The problematic nature of these imbalances manifests itself in various ways. Justification, e.g., is said to be for 'those who submit to the reign of this resurrected Messiah' (54). Yet is submission to Christ a means, as Kirk seems to say, or a result of justification? Regarding final judgment, 'those who so serve God by virtue of the resurrection life of Christ are assured of final vindication' (130; similarly 204, 226). Yet is our own service the locus of assurance in the Christian life? The crucifixion, despite an attempt to alleviate this concern (45 n57), is unavoidably muted in the hermeneutically controlling fixation on the resurrection. Might we not assimilate a rejuvenated appreciation of the resurrection while duly remembering that, e.g., Paul came to Corinth intent to preach nothing but Christ and him crucified (not Christ and him raised)? And historically, Kirk falls prey to the current epidemic of Luther-persecution which has become a veritable initiation rite into the magisterium of NT studies, trotting out the usual caricatures of the reformer and reading the rest of the Reformation through this muddy lens (3-4; cf. 7, 10).
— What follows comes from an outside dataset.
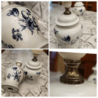 Conjunto de dos lámparas de mesilla con un diseño floral en azul sobre fondo blanco. Tienen 40 años!! - Base de porcelana con detalles pintados. - Acabado metálico en la unión del pie (con desgaste)

Has Kirk unlocked Rom for us? To be sure, his fascinating study gives us one very useful and neglected key for unlocking the many doors that line the Rom hallway. Yet to speak of resurrection as the hermeneutical key creates just the kind of overly controlling lens the author eschews in past generations' readings of Rom through a single lens (e.g. justification by faith). Chock full of illuminating insights and well argued exegetical proposals, Unlocking Romans ultimately fails to provide a cumulatively convincing alternative reading of Rom, pushing an otherwise helpful thesis too far and distorting several crucial elements of Paul's thought as a result.